Бубновый валет и компания (Эренбург) - страница 21

Была некогда у генерала и жена, но как-то он ее незаметно в походе обронил. Одни говорили, что сбежала она с цифиркой жалким – земским врачом, другие, напротив, заверяли, будто генерал сам ее глупому земцу подкинул, ибо был в это время чрезвычайно занят полковницей Володьевой и Хлюськой-певичкой, а на супругу не хватало ни времени, ни денег. Как-никак, две дочки оказались не у земца, а у генерала. Старшая Ольга прямо из института кавалерственной дамы Чертковой, что на Пречистенке, после двух туров вальса отправилась с штабс-капитаном Глазковым к попу, благословением пренебрегая, но. мелочи всякие – простыньки и десертные ножички – через сестру вытребовав. Генерал хотел проклясть, но позабыл, ибо очень был увлечен гувернанткой Евлалии m-lle Тонэт из Авиньона. Зато Евлалии самой строго-настрого запретил к кому-либо мужского пола, кроме него – папаши – да глухого батюшки отца Спиридона, приближаться, уверив ее, что от одного прикосновения чужого мужчины начнутся в душе ее страшные рези, а по телу пойдут синие пятна, величиной в грецкий орех. Должна была Евлалия за ним ходить, как за дитятей, покрывать грехи матери и сестры. Уже чуял он недобрый конец, только успел гувернантку свозить разок в «Мавританию», и пока она кушала засахаренные ананасы, малость побаловаться, как пришлось сменить все эти невинные забавы на доктора Таубэ с банками, на кресло неповоротливое да на всякие размышления.

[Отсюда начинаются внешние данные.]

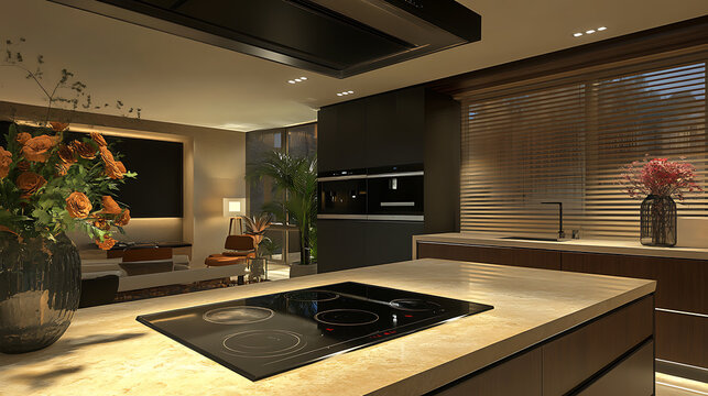 Elegant contemporary loft kitchen featuring a black glass induction hob with built-in hood or an aspirating induction hob on marble light stoneware countertop panels and a flower vase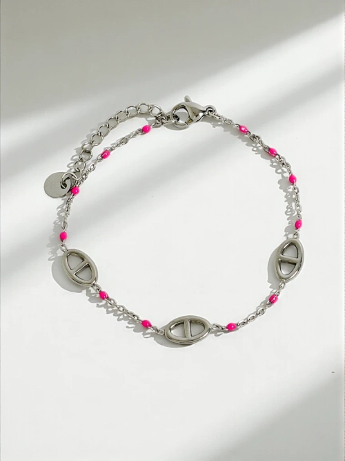 Bracelet Callista Elegantia avec maillons et perles roses, acier chirurgical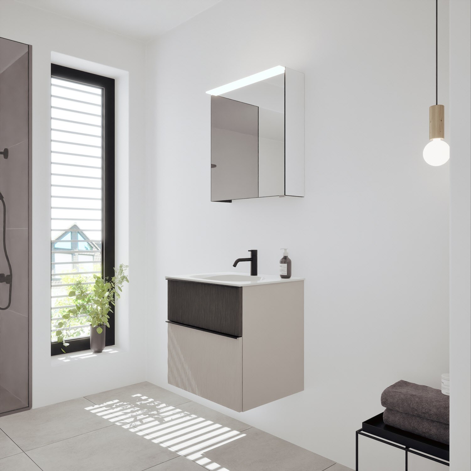 - Spiegelschrank, Waschtischunterschrank, Waschtisch,burgbad cleanFlow, Befestigung außer Stockschrauben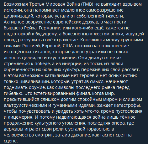 Пост сотканный из противоречий. Значки и костюмы вот что спасет ОБ от развала, а заниматься гуманитаркой нельзя сейчас и потом тоже нельзя будет. >Пьютину скажите, чтобы прекратил вести СВО, таким Ему даже Трамп сказал, но украинский диктатор Зеленский не хочет подписывать мирный договор. Вот вчера рада выписала русский язык из защищённых, но добавила ивирит. Почему они делают это время переговоров? Жду аналитику.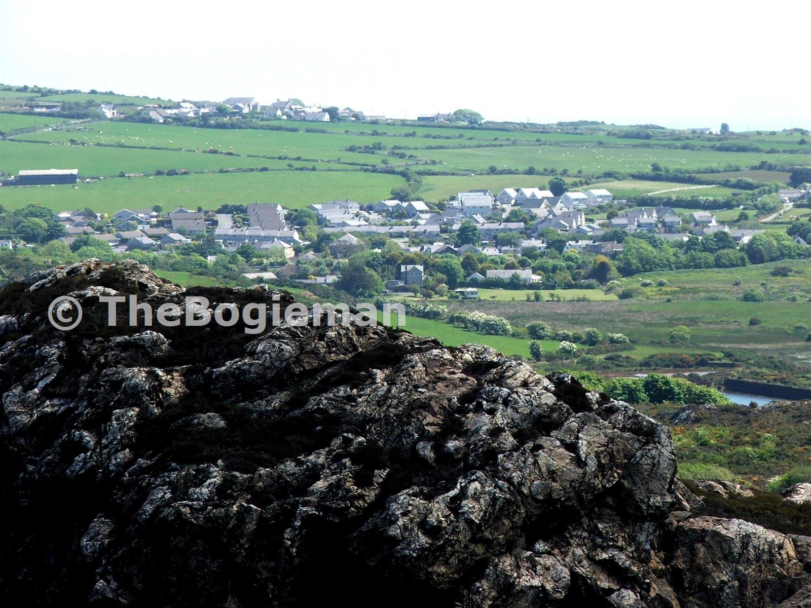 Looking across to Mynydd Eilian and Penysarn. Mona Mine''s ochre pond on RHS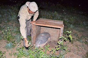 Un tatú carreta o armadillo gigante de casi un metro y medio de largo fue rescatado por los técnicos del Programa Biodiversidad, Áreas Protegidas y Cambio Climático, dependiente de la Dirección de Fauna de Formosa en un establecimiento agropecuario de la localidad formoseña de General Güemes.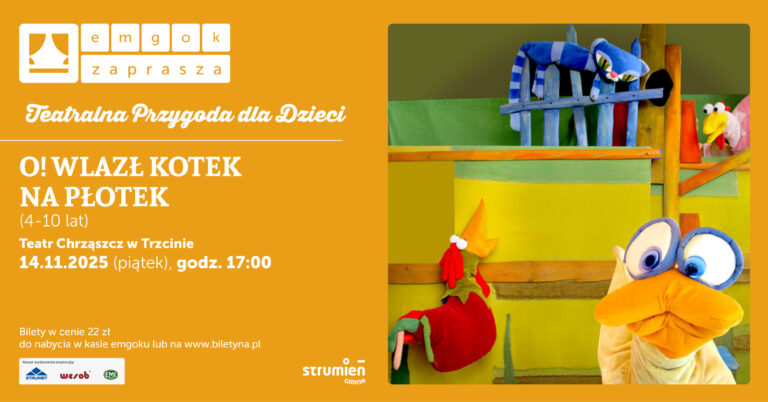 Miejsko-Gminny Ośrodek Kultury w Strumieniu (emgok) zaprasza na kolejną odsłonę teatralnej przygody dla dzieci! W piątek 14 listopada o godzinie 17:00 w przedstawieniu „O! Wlazł kotek na płotek” dla młodych widzów od 5 do 10 lat, wystąpi dla nas Teatr Chrząszcz w Trzcinie.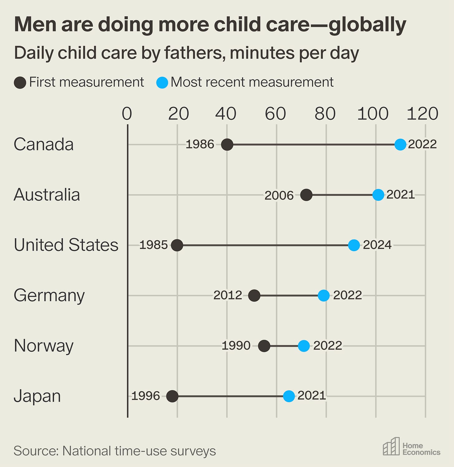 The working-husband-and-housewife norm is not a biological inscription in our genes. It is an invention of the Industrial Revolution. And it is disappearing around the world. In addition to the U.S., fathers’ childcare time is surging in Canada, across Europe, and in other rich countries, such as Japan.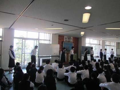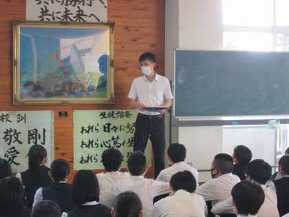 6月2日(木) 3年6限 「総合的な学習の時間」 公開日 2022/06/02 更新日 2022/06/02 3学年 本日3年生は6限の「総合的な学習の時間」で学年集会を行いました。 前半は、学年リーダー(会長等)の発表の後、生徒会担当者から体育大会でリーダーになるための心得について話がありました。 リーダーに立候補するかどうかにかかわらず、今回の話を1つのきっかけにして、最上級生として気持ちを新たに、頑張っていってほしいと思います。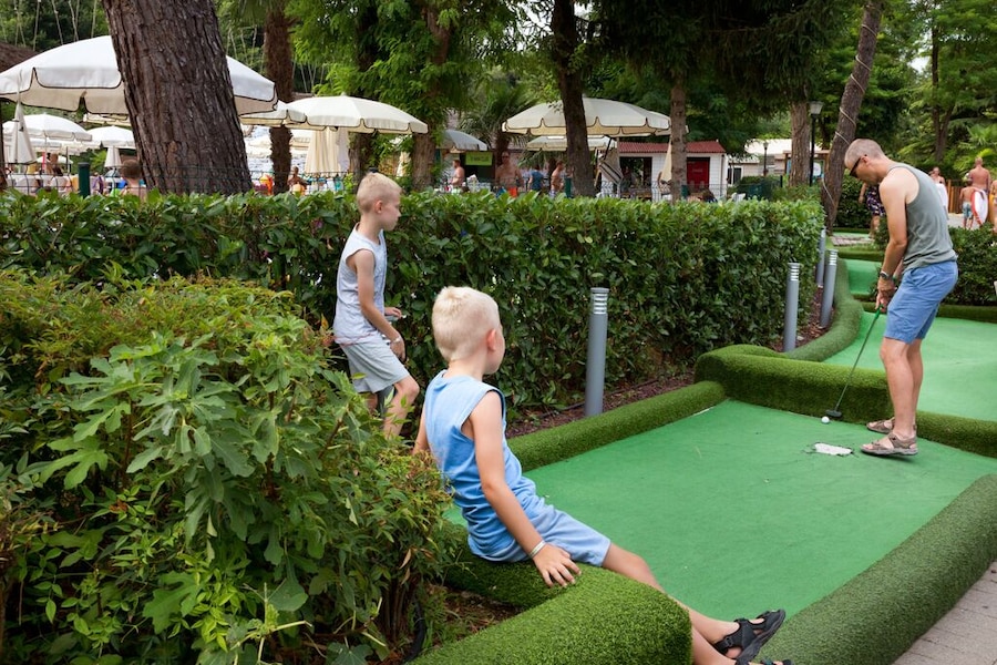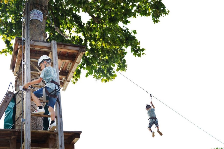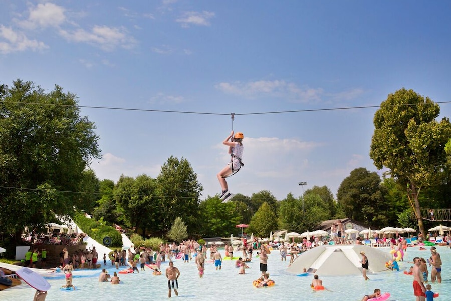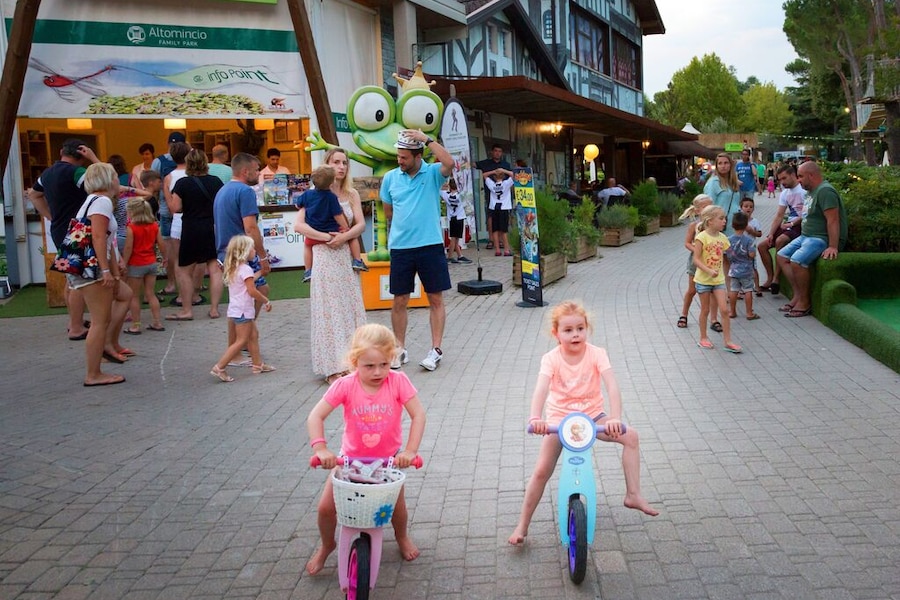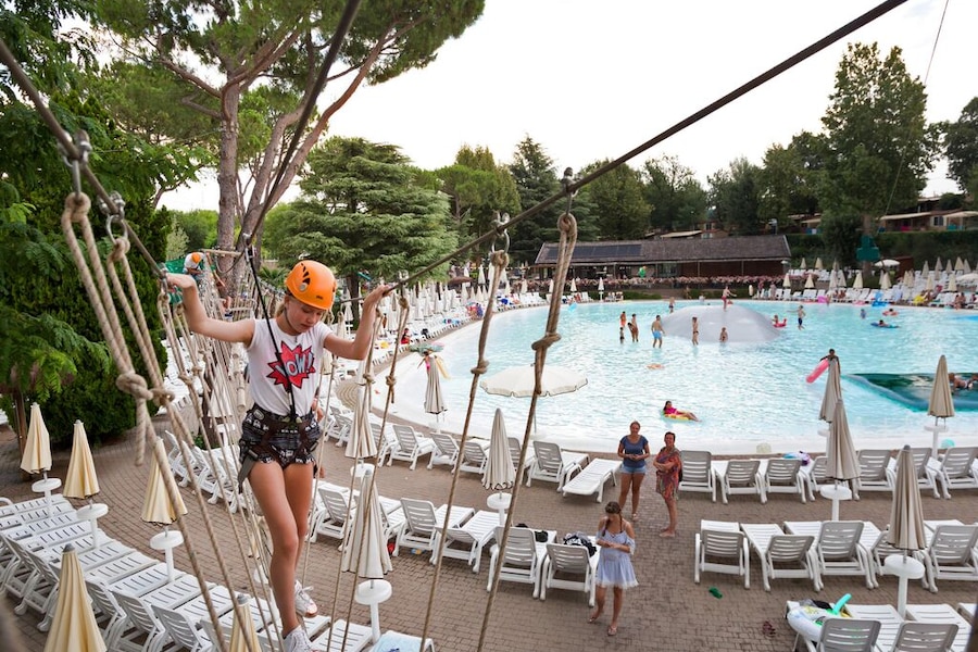 Das erste, was die Kinder nach ihrer Ankunft auf dem Camping wollen? Schwimmen natürlich! Das große, seichte Lagunenbecken bietet Wasserspaß für die ganze Familie. Die Kinder planschen im Schwimmbecken, das dank des weichen Bodens besonders sicher ist, während Sie sich in der Zwischenzeit unbesorgt auf einer Liege sonnen. Sie können aber auch gemeinsam die steilen Wasserrutschen hinabsausen. Im großen Wettkampfbecken ziehen Sie gemütlich Ihre Bahnen. Ganz egal, welches Schwimmbecken Sie bevorzugen: Der Camping hu Altomincio Village bietet endlosen Wasserspaß für jeden Geschmack.Klettern, Spielen und Tanzen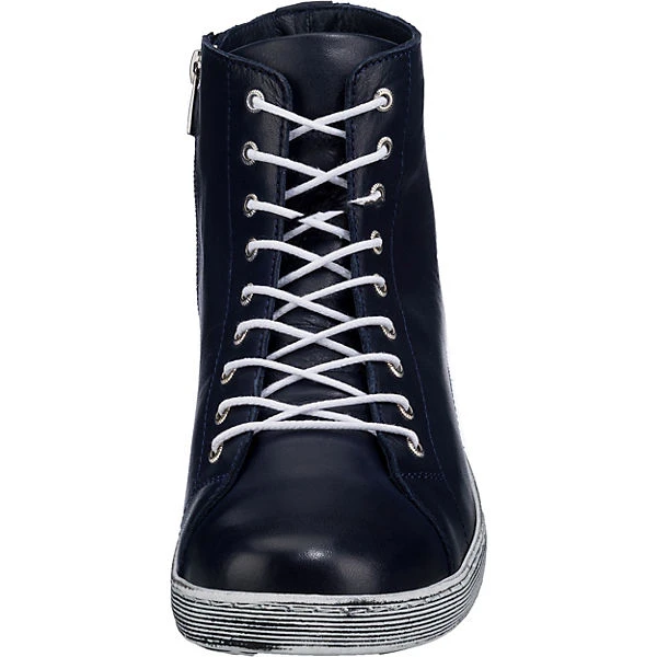 Sportiver Damenschnürschuh der Marke Andrea Conti aus einem feinen hochwertigem Glattleder.Dieses Leder verleiht einen edlen Look und ist gut zu pflegen. Ebenso glänzt das Modell durch eine weiche Lederausstattung. Die mit einem weichen Polster unterlegte lederbezogene Einlegesohle sorgt für ein angenehmes Fußklima, ist auswechselbar und somit für lose Einlagen geeignet. Die Schuhform ist ideal für normal weite Füße (Weite F). Der Absatz ist durchgehend flach ,die aus einem weichen PU-Material bestehende Laufsohle schont die Gelenke und federt jeden Tritt optimal ab. Die karree-förmige Schuhform hat zwei Vorteile: Sie wirkt sportlich und bietet einen angenehmen Tragecomfort für den Fuß und die Fußzehen. Die Schuhgröße fällt regulär aus.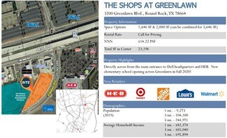 Shadow anchored by HEB. Across from Dell Round Rock Campus. Easy access to Hwy 45, I-35, Mopac Expy & SH 130.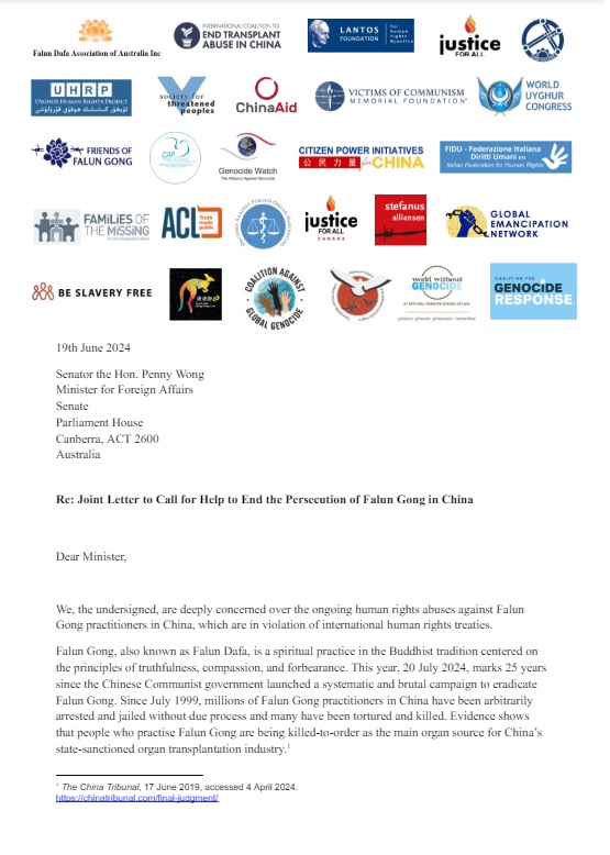 ![]() 图1:二零二四年的“七·二零”前夕,二十六个民间组织(NGO)联署并致信澳洲总理和外长,紧急呼吁澳洲政府帮助制止中共迫害法轮功。图为联署信首页。 |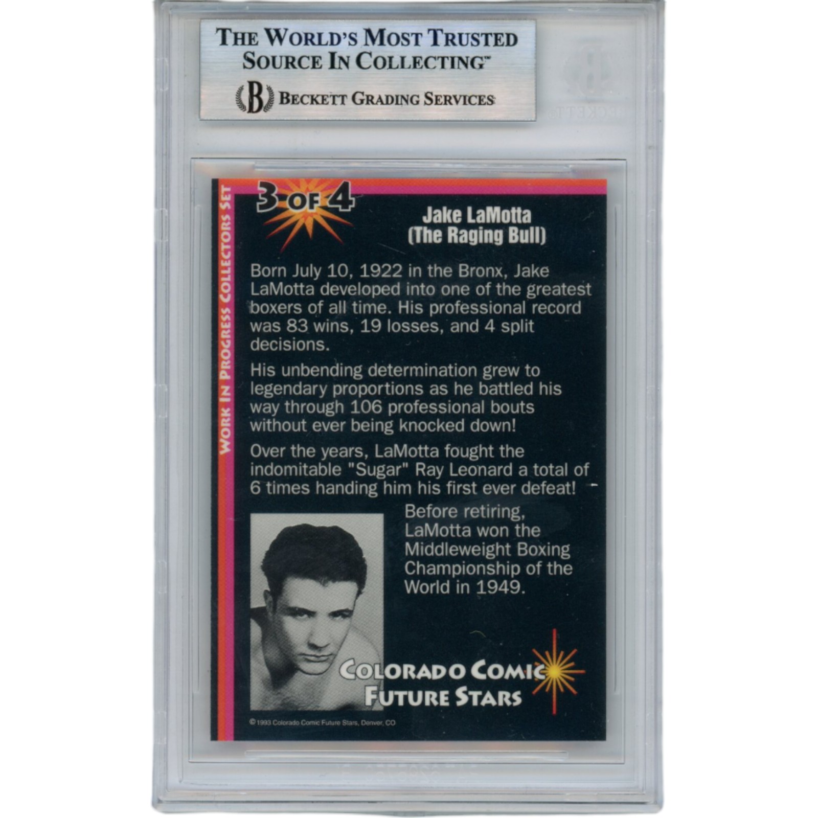 This is a Raging Bull Slabbed Trading Card that was personally autographed by Jack Lamotta. Includes a certificate of authenticity from Beckett Authentication Services (BAS) and Denver Autographs.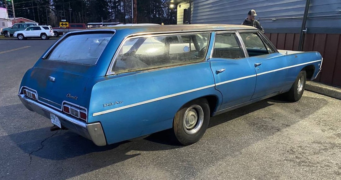 The Bel Air was a staple of the Chevrolet lineup for more than 30 years (1950 to 1981). It was replaced as the top full-size Chevy car by the Impala in 1959, repositioned as the mid-level offering above the Biscayne. This Bel Air is a station wagon from 1967 that runs and drives but needs an extreme cosmetic makeover. It begs the question of whether a restoration can be justified at $7,500 here on craigslist from its current perch in Lynden, Washington. Kudos to Mitchell G. for more of his sleuthing for tips like this!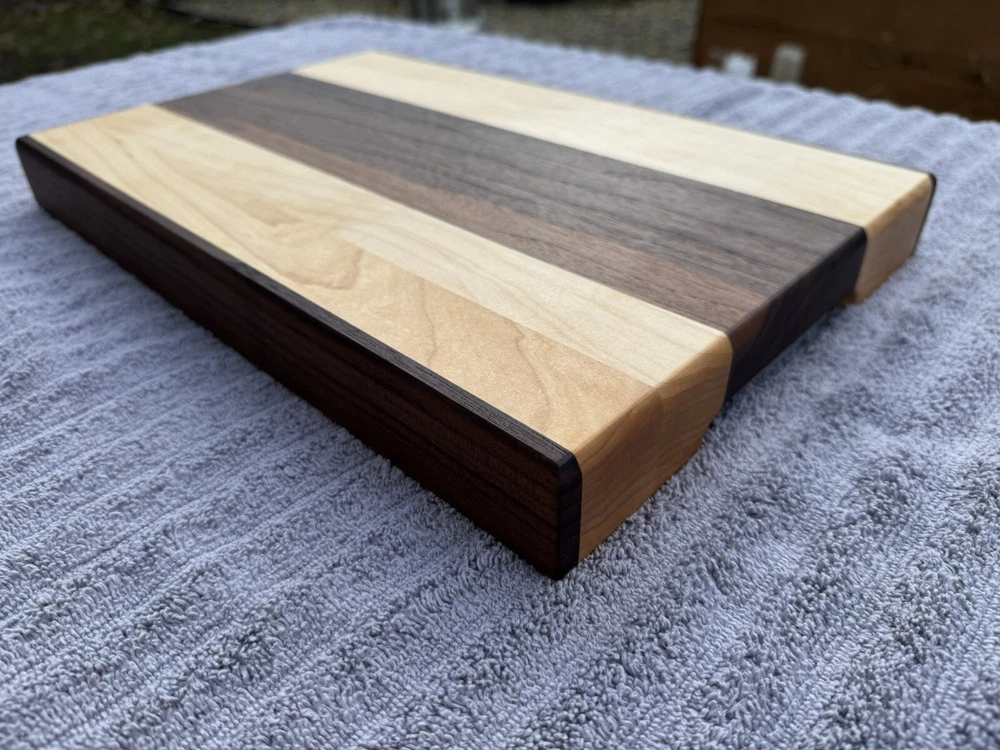 This cutting board showcases the natural beauty of two stunning hardwoods: rich, golden maple and dark, earthy black walnut. The smooth, polished surface reveals the intricate grain patterns of both woods, with the lighter tones of the maple contrasting beautifully against the deep walnut look. The seamless blend of these woods creates a striking visual appeal, while the board’s solid construction promises durability for years of use. Ideal for both food prep and as an elegant serving platter. -SIZE- L 15.5in W 10in H 1.5in All oil and wax used on the cutting boards are food safe and natural. -OIL USED- Bumblechutes woodworkers oil was used. -INGREDIENTS- Coconut Oil, Vitamin E Oil, Mineral Oil, and Lemon Oil. -CONTAINS- Tree Nuts (100% Pure, Fractionated Coconut Oil) -SHOP WAX- Bumblechutes shop wax was used on these cutting boards. -INGREDIENTS- Mineral Oil, Beeswax, Carnuba Wax, Vitamin E Oil, Lemon Oil.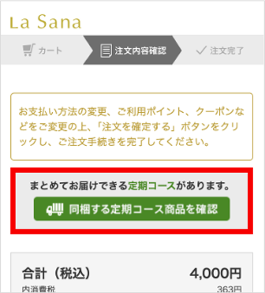 定期便の購入金額を含める場合、定期便と同梱してお届けが必須となります。次回お届けの10日前までに、お電話もしくはラサーナ公式通販サイトからお届け日の変更をお願いいたします。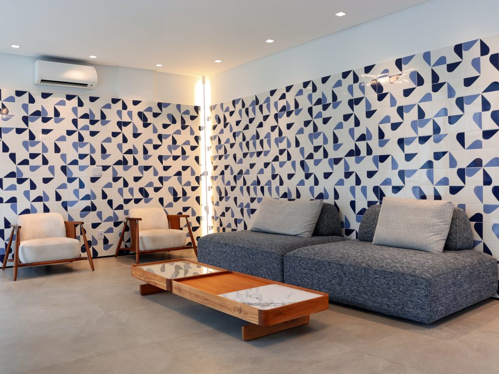 Uma das recepções do edifício, com mobiliário e painel cerâmico que se destacam pelo design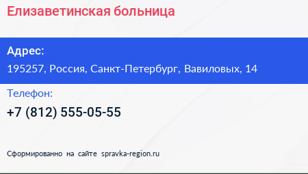 Елизаветинская больница по адресу 195257, Россия, Санкт-Петербург, Вавиловых, 14 в дальнейшем Организация, размещена в следующих категориях:

Любил генерал беседовать о двух предметах предпочтительно – о победах своих неисчислимых над иолом, ошибочно называемым слабым, ибо сильных одолевал герой Хивы, и еще о кознях пакостных, многолапчатых масонов.

И чего только не узнала скромная девица Евлалия, заветов папаши не преступившая, даже доктора Таубэ, который лечил ее от запора, не впускавшая к себе в комнату. Знаниями в делах любовных удивила бы она любую дамочку с парижских бульваров, которой фокусы и прибауточки Всегубовские были бы невдомек. Понатужится вечером генерал, откушав манной кашки, да как гаркнет: «Сядь, Евлалия! Слушай отца. У гоф-фурьера Ивашина была полечка… дамские пальчики, карамелечки, безе наивоздушнейшее, и в ажурах матинэ… по дружбе уступил он ее мне на вечер… у камелька на медвежьей шкуре…» И пойдет, пойдет, а Евлалия, не сморгнув даже, слушает, обвыкла, стали ей и полечки эти, и ажуры-амуры вроде банок с бальзамами и притирками на полочке.

Но еще охотнее толкует генерал о судьбах Российской Державы, разоблачая перед дочерью происки, подвохи, подкопы, подсиживания хитрые проклятого иудейского племени, сиречь масонов. В молодости еще встретился он с одним бессарабским помещиком, у которого в услужении находился выкрест Монька. От этого Моньки узнал помещик мерзские замыслы неугомонного жидовства, и генералу, тогда еще подполковнику, все до мельчайших деталей поведал.